Analytics installation	Fully Qualified Host Name	Fully qualified host name of the BMC Atrium Single Sign-On server.
	HTTP, HTTPS, Shutdown Port Number	Port numbers used by the BMC Atrium Single Sign-On server. If BMC Atrium Single Sign-On is installed on the same computer as another BMC Product, provide port numbers that are different from the other BMC Product.
	Administrator login name and password	User name and password for the BMC Atrium Single Sign-On server administrator.
SAMLv2 authentication	Remote IdP metadata file	The metadata file for the remote Identity Provider (IdP). For example, sso-idp.xml.
	BMC Remedy AR System agent Federated login URL & logout URI	Login and logout URIs are the locations that the agent will send the users browsers when the specified function is needed.

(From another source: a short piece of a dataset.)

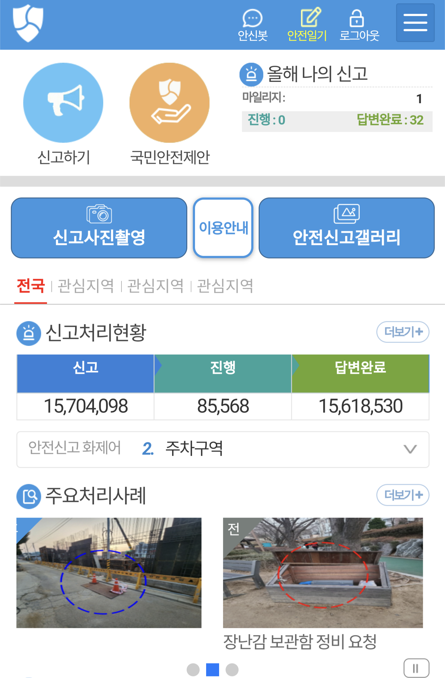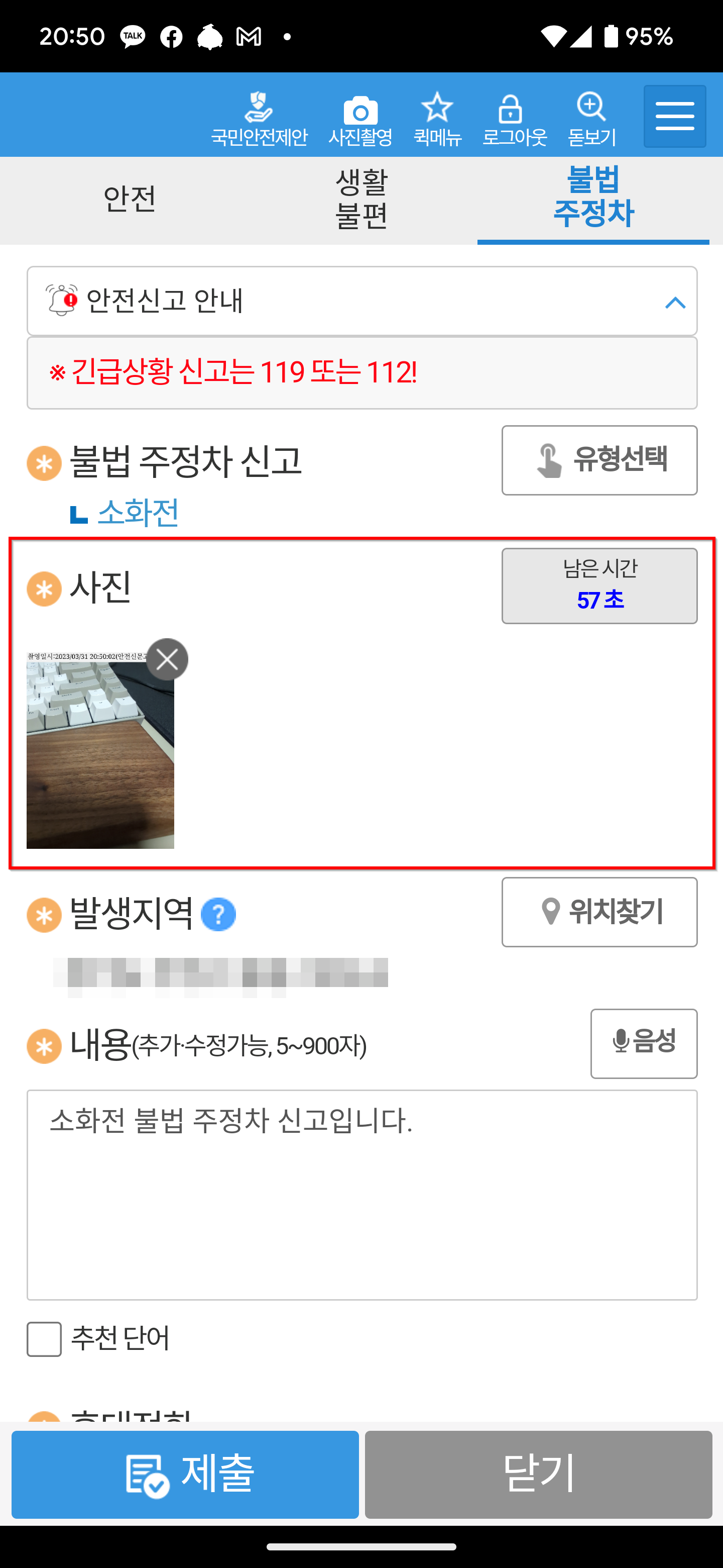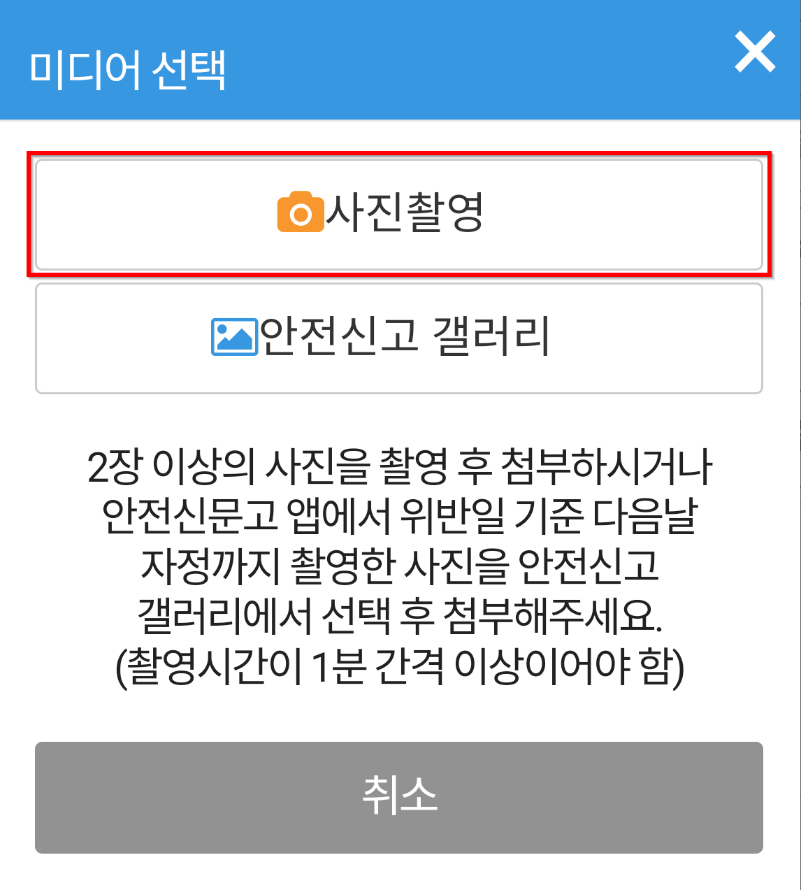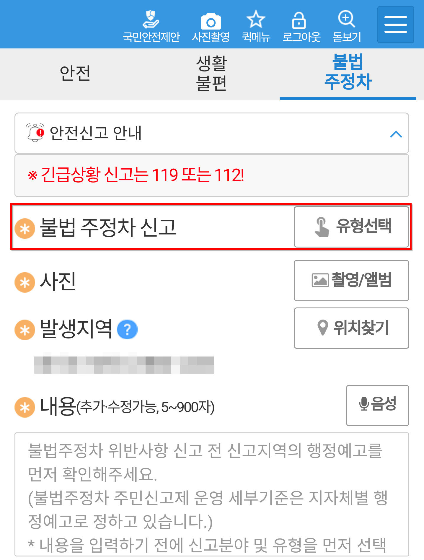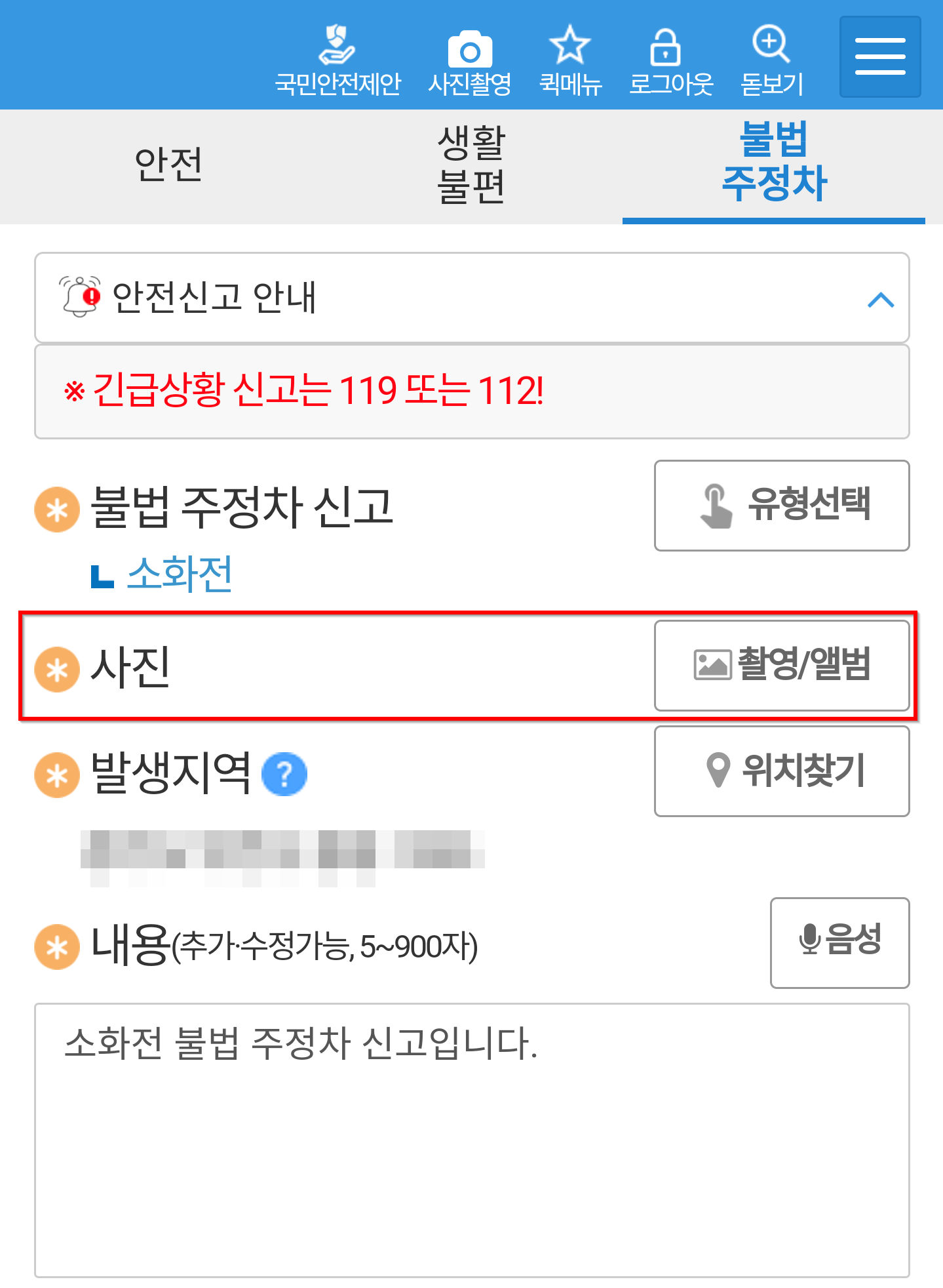 - 반드시 안전신문고 앱에 있는 카메라 기능으로 찍어야 합니다. 일반 카메라로 찍은 건 신고가 안됩니다.

	BMC Dashboards agent Federated login URL & logout URI	Login and logout URIs are the locations that the agent will send the users browsers when the specified function is needed.
	BMC Analytics agent Federated login URL & logout URI	Login and logout URIs are the locations that the agent will send the users browsers when the specified function is needed.